Lectio Divina: Mark 9:41-50

Lectio Divina: 
Thursday, May 24, 2018

Ordinary Time

1) Opening prayer

Father,
keep before us the wisdom and love
You have revealed in Your Son.
Help us to be like Him
in word and deed,
for He lives and reigns with you and the Holy Spirit,
one God, for ever and ever. Amen.

2) Gospel Reading - Mark 9:41-50

Jesus said to his disciples: "Anyone who gives you a cup of water to drink because you belong to Christ, amen, I say to you, will surely not lose his reward. "Whoever causes one of these little ones who believe in me to sin, it would be better for him if a great millstone were put around his neck and he were thrown into the sea. If your hand causes you to sin, cut it off. It is better for you to enter into life maimed than with two hands to go into Gehenna, into the unquenchable fire. And if your foot causes you to sin, cut if off. It is better for you to enter into life crippled than with two feet to be thrown into Gehenna. And if your eye causes you to sin, pluck it out. Better for you to enter into the Kingdom of God with one eye than with two eyes to be thrown into Gehenna, where their worm does not die, and the fire is not quenched. "Everyone will be salted with fire. Salt is good, but if salt becomes insipid, with what will you restore its flavor? Keep salt in yourselves and you will have peace with one another."

3) Reflection

• Today’s Gospel narrates some advice from Jesus on the relationship of adults with the little ones and the excluded. At that time, many persons were excluded and marginalized. They could not participate. Many of them would lose their faith. The text on which we are going to meditate now contains strange affirmations which, if taken literally, cause perplexity in the reader.

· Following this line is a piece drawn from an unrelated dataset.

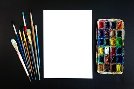 Top view of blank white sheet of paper and artist brushes on a dark background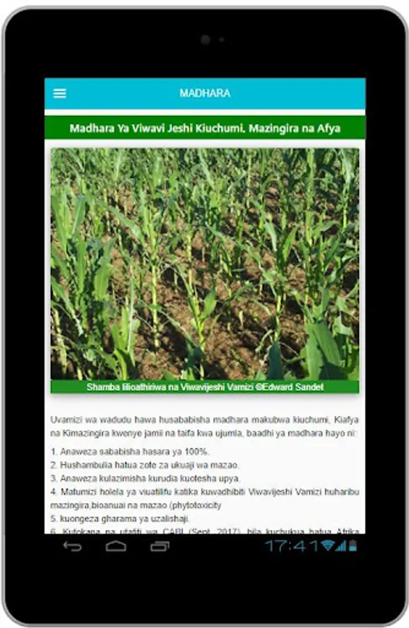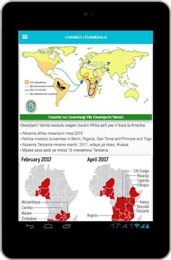 App hii ya kitaalamu imeandaliwa mahususi kumsaidia mkulima, afisa ugani na mdau wa kilimo kuweza kumtambua mdudu huyu, dalili mbalimbali na hatimaye kujua wakati na namna sahihi ya kumdhibiti.

• Mark 9:41: A glass of water will be rewarded. A phrase from Jesus is inserted here: If anyone gives you a cup of water to drink because you belong to Christ, then in truth I tell you, he will most certainly not lose his reward. Two thoughts: 1) “Anyone who gives you a cup of water to drink”. Jesus is going to Jerusalem to give His life. A gesture of great donation! But He does not forget the small gestures in life each day: a cup of water, an act of acceptance or kindness, to give alms, so many gestures. Anyone who rejects and despises the brick will never be able to construct a house! 2) “…because you belong to Christ”: Jesus identifies Himself with us who want to belong to Him. This means that for Him we have great value. The word here is because, not if. To give a cup of water because the receiver belongs to Christ also acknowledges Christ! In this act of kindness the giver is also acknowledging Christ by his action.

• Mark 9:42: Who is a cause of scandal for these little ones. Scandal, literally, it is a stone along the road, a stone in the shoe. It is what leads a person away from the right path. To scandalize the little ones is to be the cause of why the little ones go away from the right path and lose their faith in God. Anyone who does this receives the following sentence: “It would have been better to be thrown into the sea with a great millstone hung round his neck!” Jesus identifies Himself with the little ones (Mt 23:40-45). Today, in the whole world, many little ones, many poor people, are leaving the traditional churches. Every year, in Latin America, approximately three million people leave to other churches. They cannot believe what we profess! Why does this happen? Is this an action taken in full knowledge and as a definitive statement? Is it based on a lack of understanding or teaching? Up to what point are we to be blamed for this? Do we also merit having a millstone round our neck?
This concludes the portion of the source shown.